У Гомера говорится, что Одиссей скитался на чужбине двадцать лет и, вернувшись, убил женихов Пенелопы. «Дневник» же охватывает не более двенадцати лет. И в нем вообще не говорится, вернулся ли Одиссей когда-нибудь. В то же время в «Дневнике» сказано, что на Итаку явился какой-то лже-Одиссей, который не стал убивать женихов, а поладил с ними и женился на «вдове».

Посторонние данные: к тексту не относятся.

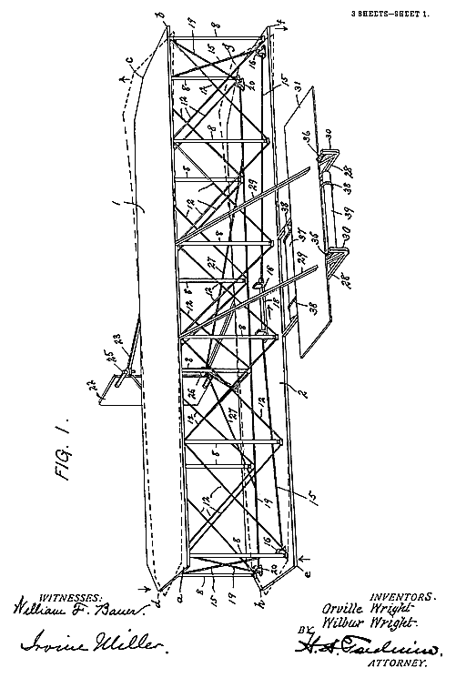 ORVILLE WRIGHT, WILBUR WRIGHT. Witnesses: CHAS. E. TAYLOR, E. EARLE FORRER.
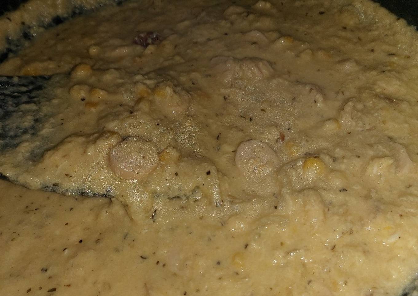 - Tumis bawang bombay, pala, lada, italian herbs hingga harum dan layu. Masukkan sosis lalu tumis hingga berubah warna kecoklatan. Masukkan bahan blender (jagung + bawang putih). Aduk rata. Masukkan susu dan air panas. Setelah mendidih, masukkan 50 gram jagung pipil. Setelah jagung empuk, masukkan telur kocok. Aduk cepat. Masukkan kaldu ayam, garam, dan gula. Tes rasa. Matikan kompor.

По преданию, однажды на Итаку приехал внебрачный сын Одиссея и волшебницы Кирки — Телегон. Он убил своего отца и женился на Пенелопе. Случай не такой уж необычный в жизни «сверхчеловеков». Но в книге об этом нет ни слова — возможно, Пенелопа престо не успела об этом написать.

«Дневник» Пенелопы — скорее ее исповедь. В нем она называет все своими именами. А это как раз и свидетельствует о том, что она не имела намерения публиковать этот свой «духовный вклад» в героическую культуру того времени. Если же я и предаю его теперь широкой огласке и предлагаю своему народу, многострадальному и многоопытному, пусть простит мне священная тень нашей великой Госпожи и Повелительницы!

Отъезд

Первое апреля! Как во сне. Не верится. И все-таки он действительно уехал. Только что. У меня все еще шумит в голове, и кажется, будто остров вертится, как мельничный жернов. Уехал! Да помогут мне боги и прежде всего — богиня Добродетели.

Вот уже целый час сижу я с гусиным пером в руке. Чернила десять раз высыхали на его кончике. Никогда прежде я этим не занималась. Писать? Не писать? О чем? И как?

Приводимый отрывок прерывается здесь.